– Чего это ты, Степаныч?
– А ты смекни сам…
– Да нет. Не может быть такого!
– Ладно. Не ломай башку.
– Нет. Чтобы Игорёк!..
– Вот и я думаю. Это не тридцать седьмой год.
– Ты что, Степаныч!
– Поглядим…
Больше они не проронили ни слова. Минин будто онемел, и за стеклом автомобиля на улицах его ничего не интересовало, а Жмотов подавленно бросал на него косые взгляды. Отпустив машину, они также молча зашли в дом. Всё забыв, Минин бросился к клетке с попугаем. Птица шарахнулась от него в угол, присмотревшись, осмелела, клюнула несколько раз в руку, когда он воду начал менять.

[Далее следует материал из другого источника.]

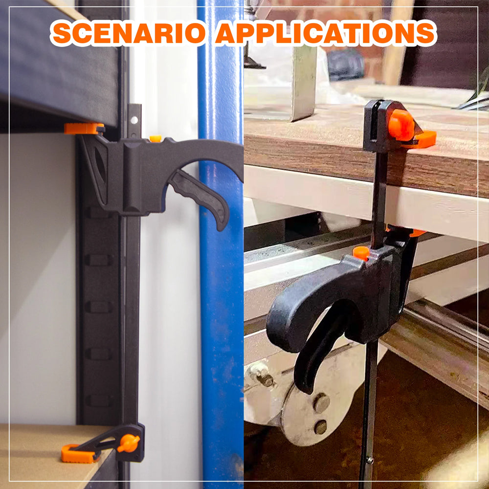 【One-Handed Clamp】One handed release F clamp is adopted new grip and trigger design provides simple, you can operate with one hand. Spreader bar grip is comfortable to hold, press quick-release button to slide arm into desired length.
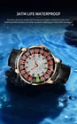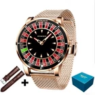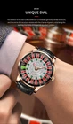 Product description: Model: P6616,P6617 Movement: NH35 movement Case: Material - 316L stainless steel Diameter: 46 mm Case thickness: 16 mm. Band width 25 mm Water Resistant: 30 M Glass: Mineral strengthened glass Dial Color: Black roulette, Diamond roulette Hands: Two luminous hands Buckle: Folding safety buckle(With PINDU Logo) PINDU Las Vegas Roulette Table Top Theme Watch to Have a Good Time with You Men's Watch

– Кусай, кусай, – приговаривал оперуполномоченный, улыбаясь доверительно, извиняясь и спиной закрывая птицу от Жмотова. – Так и надо такому хозяину непутёвому. Завёл птицу для мучений.
– Пр-р-ровокатор-р-р! – отругала его птица.
– Что это он у тебя? Разговаривает? – Жмотов тоже к клетке подсел.
– Ты чужой. Отойди в сторону, – зашипел на него Минин. – Не пужай птицу. Она ко мне ещё не привыкла.
– Ого! Посмотрите на него! Какие мы!
– Пр-ровокатор-р-р! – заорала птица на чужого.
– Материт он тебя, – доложил Минин.
– Так уж материт?
– Это у него самое гадкое слово.
– И кто научил?
– Птица она сама всё понимает. Тем более попугай. Они, говорят, до триста лет живут. Этому вот и неизвестно сколько. Он со Степанычем мыкался, а до него со стариками – владельцами. А тех, от кого достался, – вовсе не ведомо. Может, ему уже лет сто пятьдесят. Он, может, с какого-нибудь острова Борнео самим этим… Крузенштерном на паруснике завезён. Он насквозь тебя видит! Со всеми твоими потрохами.
– Ты наговоришь, – хмыкнул недоверчиво Жмотов, но от клетки отошёл, на попугая покосился, примостился подальше на табуретке. – Откуда у этого безмозглого прозорливость такая? У него башка, во! С гулькин нос. Там кости одни, извилинам негде быть.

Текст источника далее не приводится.